Em Mopeia, as respostas vieram das próprias comunidades
Foi precisamente isso que aconteceu em Mopeia. O objectivo das sessões realizadas em Dande, Malulo e Marruma era compreender os factores por trás de indicadores que continuam a desafiar a saúde materna e a resposta ao HIV: a chegada tardia das mulheres à primeira CPN, a reduzida participação dos homens na saúde materna, a recusa da PrEP e as dificuldades na adesão ao TARV, sobretudo entre mulheres grávidas e lactantes. E as respostas vieram das próprias comunidades.
Em Marruma, várias mulheres explicaram que a distância entre as suas residências e a unidade sanitária pesa na decisão de iniciar tardiamente a CPN. Mas, ao longo do diálogo com as equipas de saúde, as próprias participantes concluíram que os benefícios da consulta precoce superam os desafios da deslocação.
Os homens, por sua vez, reconheceram que muitas vezes não acompanham as suas parceiras àquelas consultas por não sabem a importância do seu envolvimento durante a gravidez e o período pós-parto. Mas, não só: normas sociais que atribuem à mulher toda a responsabilidade pertinente à gravidez também fazem com que os homens tenham vergonha de ser vistos em serviços de saúde materno-infantil e serem considerados menos masculinos.
As conversas revelaram um conjunto de barreiras à adesão que nem sempre são visíveis nos indicadores: falta de informação correcta e persuasiva, normas sociais que desencorajam a participação masculina, distância aos serviços de saúde e escassez de espaços de diálogo.
Do diálogo à acção
Mais do que esclarecer dúvidas, os encontros comunitários criaram espaço para a construção conjunta de soluções. No final das sessões, os líderes comunitários e religiosos assumiram compromissos concretos: reforçar a sensibilização para a CPN precoce, incentivar a participação masculina nas consultas, apoiar a identificação e o encaminhamento de mulheres grávidas para os serviços de saúde, promover a adesão à PrEP e ao TARV e fortalecer a ligação entre as comunidades e as unidades sanitárias. Os participantes manifestaram ainda abertura para acolher futuras actividades de Aconselhamento e Testagem em Saúde (ATS).
A intervenção incluiu igualmente uma sessão de trabalho com Mães Mentoras, cujo papel é essencial para aumentar a adesão aos serviços pré e pós-natais.

O trabalho não termina aqui. A C-Saúde e o SDSMAS de Mopeia continuarão a acompanhar os compromissos assumidos e a reforçar as actividades de promoção da saúde nas comunidades abrangidas.
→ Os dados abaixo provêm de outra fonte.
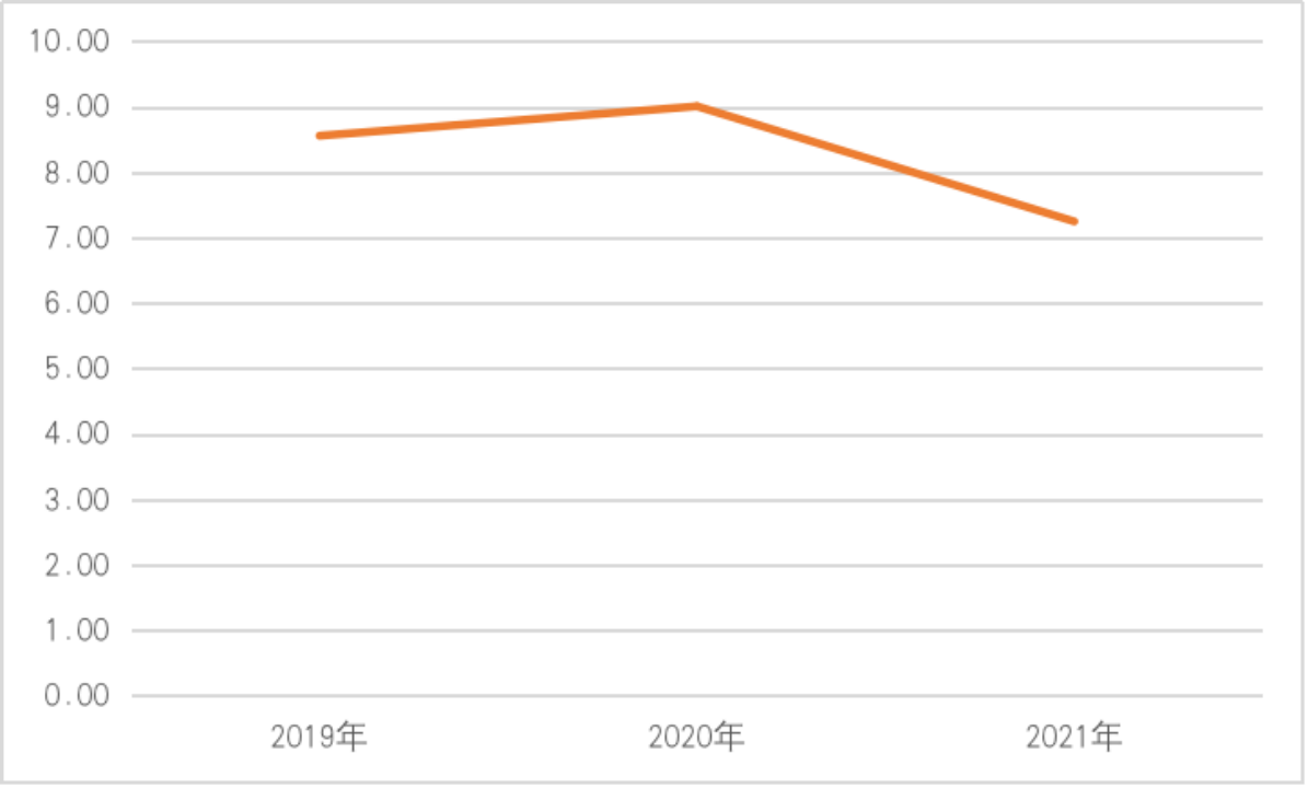 ——营业收入增长不稳定。如图2所示,2019-2021年华安鑫创营业收入额分别为8.56亿元、9.01亿元、7.25亿元。2020年较2019年上升了5.26%,2021年较2020年却下降了19.53%,主要系供货量产车型销量不及预期,而新接项目订单推迟放量,同时下半年受原材料价格上涨导致缺货的影响,出货量减少所致。

A forte participação registada, com destaque para Marruma, que reuniu mais de uma centena de participantes, confirma aquilo que a investigação tem vindo a demonstrar: quando existe espaço para participarem, as comunidades querem discutir a sua saúde, contribuir para compreender os desafios que enfrentam e fazer parte da construção das soluções.
Perhaps that is the main lesson from Mopeia. The indicators will continue to show who arrives late, who abandons a treatment or who declines a service. But understanding why Talvez essa seja a principal lição de Mopeia. Os indicadores continuarão a mostrar quem chega tarde, quem abandona um tratamento ou quem recusa um serviço. Mas compreender porquê continua a ser uma das condições essenciais para encontrar respostas eficazes. Porque ouvir as comunidades não é apenas recolher informação: é uma forma de construir saúde juntamente com elas.
Nas unidades sanitárias apoiadas pela C-Saúde no distrito de Mopeia, no final de Junho, 9109 pessoas estavam em TARV, com uma supressão viral de 97%.